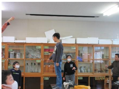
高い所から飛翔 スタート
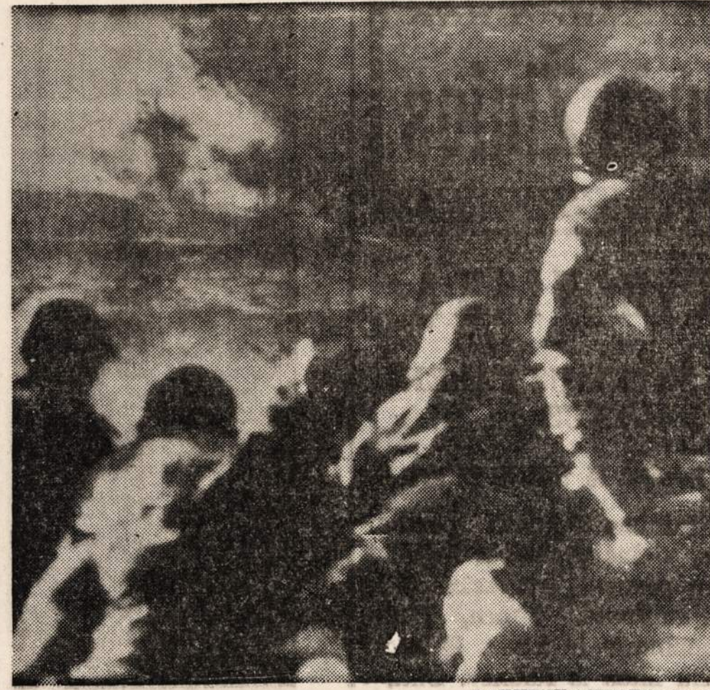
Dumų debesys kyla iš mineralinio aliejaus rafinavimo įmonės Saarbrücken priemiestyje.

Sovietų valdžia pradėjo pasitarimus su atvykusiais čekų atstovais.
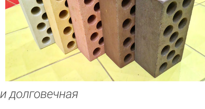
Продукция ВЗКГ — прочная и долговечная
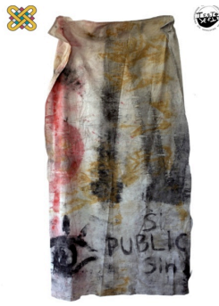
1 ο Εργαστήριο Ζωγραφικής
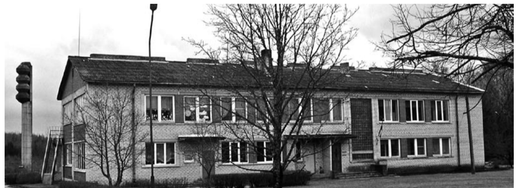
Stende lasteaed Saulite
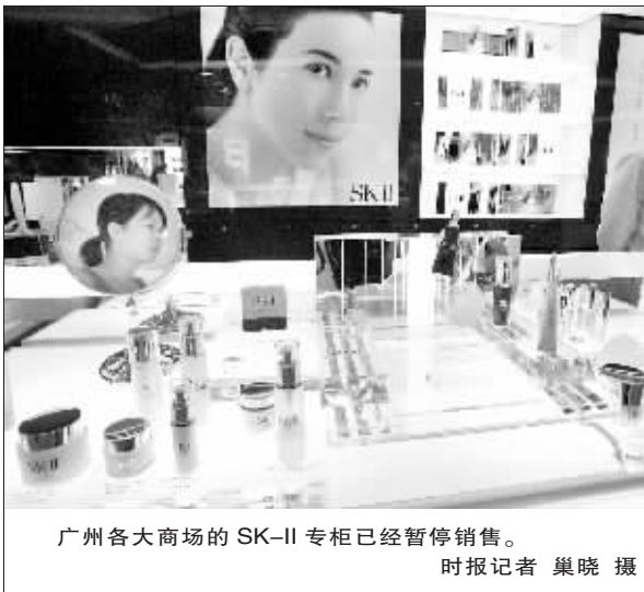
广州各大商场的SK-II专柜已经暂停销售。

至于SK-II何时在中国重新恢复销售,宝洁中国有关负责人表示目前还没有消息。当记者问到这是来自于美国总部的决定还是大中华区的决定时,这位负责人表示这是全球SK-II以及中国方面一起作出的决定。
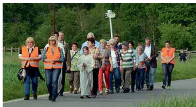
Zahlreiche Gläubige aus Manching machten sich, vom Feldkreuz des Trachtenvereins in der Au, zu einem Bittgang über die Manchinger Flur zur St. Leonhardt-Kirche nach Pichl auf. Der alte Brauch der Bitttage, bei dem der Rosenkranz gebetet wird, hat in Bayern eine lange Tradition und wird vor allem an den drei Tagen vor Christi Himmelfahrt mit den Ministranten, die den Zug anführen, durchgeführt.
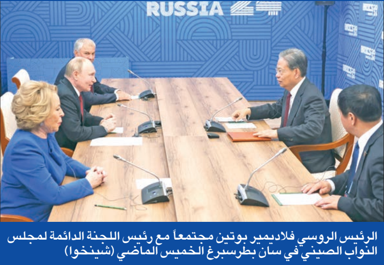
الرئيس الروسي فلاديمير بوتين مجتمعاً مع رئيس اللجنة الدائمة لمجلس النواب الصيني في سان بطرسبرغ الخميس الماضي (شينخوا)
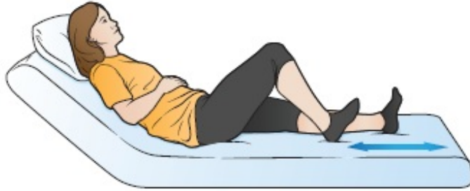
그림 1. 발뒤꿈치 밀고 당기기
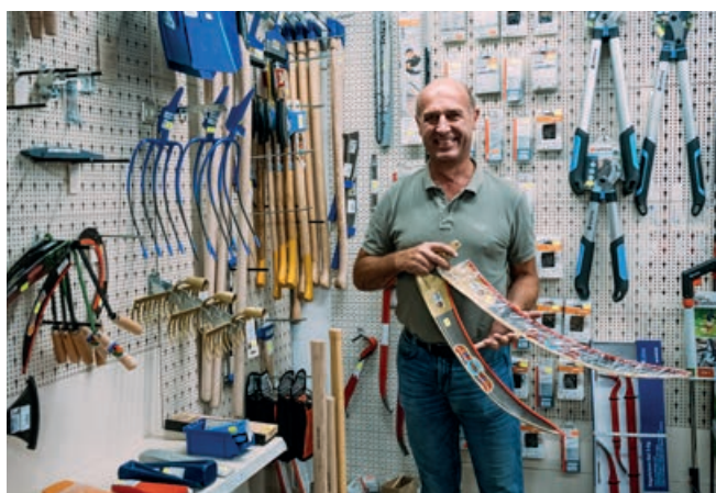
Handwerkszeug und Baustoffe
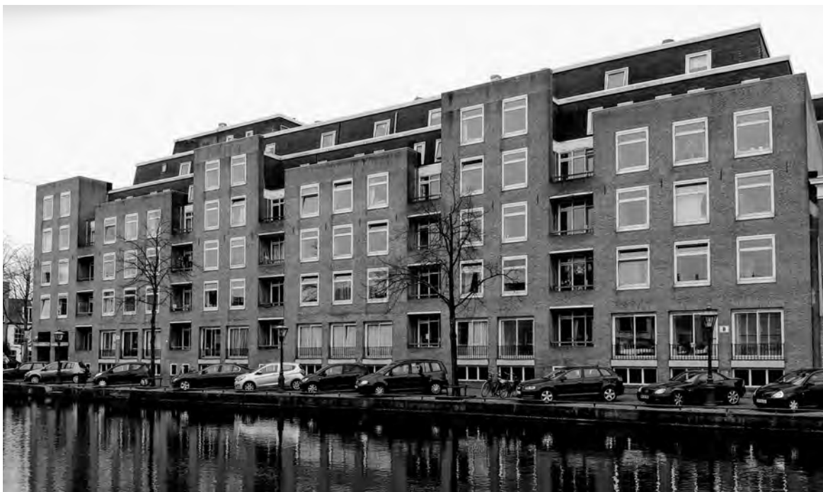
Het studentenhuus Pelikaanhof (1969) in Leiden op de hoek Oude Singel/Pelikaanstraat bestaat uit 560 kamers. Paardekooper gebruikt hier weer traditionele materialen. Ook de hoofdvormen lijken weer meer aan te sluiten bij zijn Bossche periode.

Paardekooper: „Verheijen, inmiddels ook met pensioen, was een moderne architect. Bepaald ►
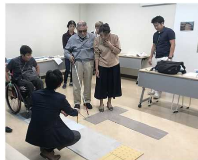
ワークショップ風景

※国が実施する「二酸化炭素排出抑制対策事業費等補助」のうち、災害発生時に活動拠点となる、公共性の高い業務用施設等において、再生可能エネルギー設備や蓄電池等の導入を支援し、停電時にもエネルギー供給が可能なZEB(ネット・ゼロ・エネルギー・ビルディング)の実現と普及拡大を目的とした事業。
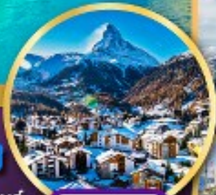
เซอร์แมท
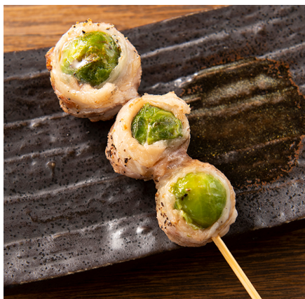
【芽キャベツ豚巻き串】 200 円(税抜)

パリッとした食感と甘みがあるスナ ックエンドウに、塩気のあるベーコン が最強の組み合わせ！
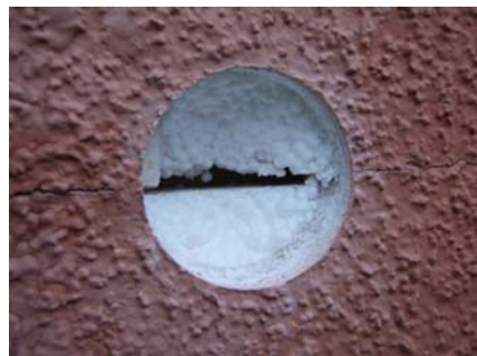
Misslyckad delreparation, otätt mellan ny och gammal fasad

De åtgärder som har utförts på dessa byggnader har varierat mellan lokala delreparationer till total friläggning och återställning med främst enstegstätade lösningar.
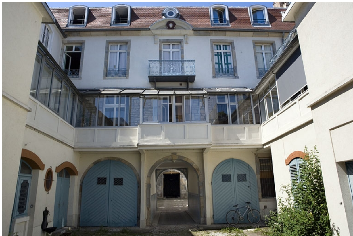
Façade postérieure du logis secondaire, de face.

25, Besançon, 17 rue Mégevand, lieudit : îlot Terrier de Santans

==

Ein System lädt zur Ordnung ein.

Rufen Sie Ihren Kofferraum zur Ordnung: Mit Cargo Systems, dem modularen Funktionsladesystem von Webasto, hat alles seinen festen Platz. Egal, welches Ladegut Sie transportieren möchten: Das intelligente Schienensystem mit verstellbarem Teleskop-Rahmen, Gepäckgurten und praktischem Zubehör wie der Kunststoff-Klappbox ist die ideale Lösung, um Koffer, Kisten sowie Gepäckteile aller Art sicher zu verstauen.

* _About this task_: Copy the lines above exactly, starting with the line that contains "高い所から飛翔 スタート" and ending with the line that contains "Het studentenhuus Pelikaanhof", and leave out any pictures.

* _Response to the exercise_:
高い所から飛翔 スタート
Dumų debesys kyla iš mineralinio aliejaus rafinavimo įmonės Saarbrücken priemiestyje.

Sovietų valdžia pradėjo pasitarimus su atvykusiais čekų atstovais.
Продукция ВЗКГ — прочная и долговечная
1 ο Εργαστήριο Ζωγραφικής
Stende lasteaed Saulite
广州各大商场的SK-II专柜已经暂停销售。

至于SK-II何时在中国重新恢复销售,宝洁中国有关负责人表示目前还没有消息。当记者问到这是来自于美国总部的决定还是大中华区的决定时,这位负责人表示这是全球SK-II以及中国方面一起作出的决定。
Zahlreiche Gläubige aus Manching machten sich, vom Feldkreuz des Trachtenvereins in der Au, zu einem Bittgang über die Manchinger Flur zur St. Leonhardt-Kirche nach Pichl auf. Der alte Brauch der Bitttage, bei dem der Rosenkranz gebetet wird, hat in Bayern eine lange Tradition und wird vor allem an den drei Tagen vor Christi Himmelfahrt mit den Ministranten, die den Zug anführen, durchgeführt.
الرئيس الروسي فلاديمير بوتين مجتمعاً مع رئيس اللجنة الدائمة لمجلس النواب الصيني في سان بطرسبرغ الخميس الماضي (شينخوا)
그림 1. 발뒤꿈치 밀고 당기기
Handwerkszeug und Baustoffe
Het studentenhuus Pelikaanhof (1969) in Leiden op de hoek Oude Singel/Pelikaanstraat bestaat uit 560 kamers. Paardekooper gebruikt hier weer traditionele materialen. Ook de hoofdvormen lijken weer meer aan te sluiten bij zijn Bossche periode.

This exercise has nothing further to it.